The Legal Regime of Compliance with Regional Norms in Africa: Reframing the Paradigms of Engagement

DOI10.3366/ajicl.2019.0283
Date01 August 2019
Pages446-465
Published date01 August 2019
INTRODUCTION

The setting up of transnational governance structures remains one of the key components of political development in postcolonial Africa. The design of these structures has also pushed to the fore the imperative of strengthening their competences to address many of Africa's developmental challenges. At both the continental and sub-regional levels, a raft of legal instruments exists to stress the central role of normative institutions in fostering such agenda. At the heart of the development of transnational structures is the issue of compliance, an act that has been described as a ‘normal organisational presumption’.1 The relationship between member states and transnational norms has thus over the years occupied a central position in the discourse of international law and international relations. The presumption that ‘almost all nations observe almost all the principles of international law and almost all their obligations at the same time’2 has not always proved positive. The reality of recurrent non-compliant behaviour has ensured the broadening of the consideration of why states comply or fail to comply, the role of non-state actors, the effectiveness of sanctions for non-compliance, and the need for designing a multifaceted ‘toolbox’ for managing the politics of adherence with transnational norms.3

In the African context, the high incidence of non-compliance with regional norms remains a major issue.4 The routine disregard of organisational norms and the pervasive delay in attaining key integration targets and goals have pushed to the fore the need to pay attention to the specific factors undercutting commitment. The peculiarity of the multilevel governance structure of African integration suggests the importance of devising suitable measures for ensuring compliance. In this regard, the compliance milieu in Africa is defined by national, sub-regional and continental structures that in theory should be collaborative but in most cases are competitive and working at cross purposes. The lack of clear and workable harmonisation frameworks at the sub-regional and continental levels is, therefore, a major impediment.5 Underlining this lack of coordinative engagement are other factors such as the non-conferral of requisite authority to regional institutions, little or no technical capacity at national and/or regional institutions, vagueness of treaty language on enforceability and the lack of political will to comply.6 These obstacles thus require a concerted approach that re-evaluates the modus of interface between stakeholders and the normative principles governing the African integration process. In other words, the terms of engagements have to be reframed in order not only to take into account the peculiarities of the African integration process but also make compliance less complicated.
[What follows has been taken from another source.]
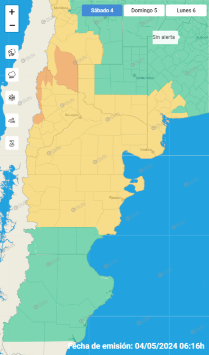 Cordillera de Aluminé – Cordillera de Chos Malal – Cordillera de Loncopué – Cordillera de Minas – Cordillera de Picunches – Cordillera de Ñorquín: en esta zona el SMN emitió un alerta naranja por nevadas, y amarillo, durante la tarde. Por el viento, hay advertencia de nivel amarillo, para el sábado por la mañana y tarde.

In addressing the foregoing, this article starts with a discussion on the nature of adherence with transitional norms in Africa by looking at the theoretical context and challenges obfuscating effective compliance. It then proceeds to examine the specific measures that should guide the reframing of the operational paradigm of compliance in Africa. It ends with a brief conclusion.

THE NATURE OF COMPLIANCE WITH REGIONAL NORMS IN AFRICA Compliance Theories

There are a number of theories underpinning compliance with international law. For the purpose of this article, only three of such theories will be briefly discussed. These are the rational choice, the managerial and the legitimacy theories.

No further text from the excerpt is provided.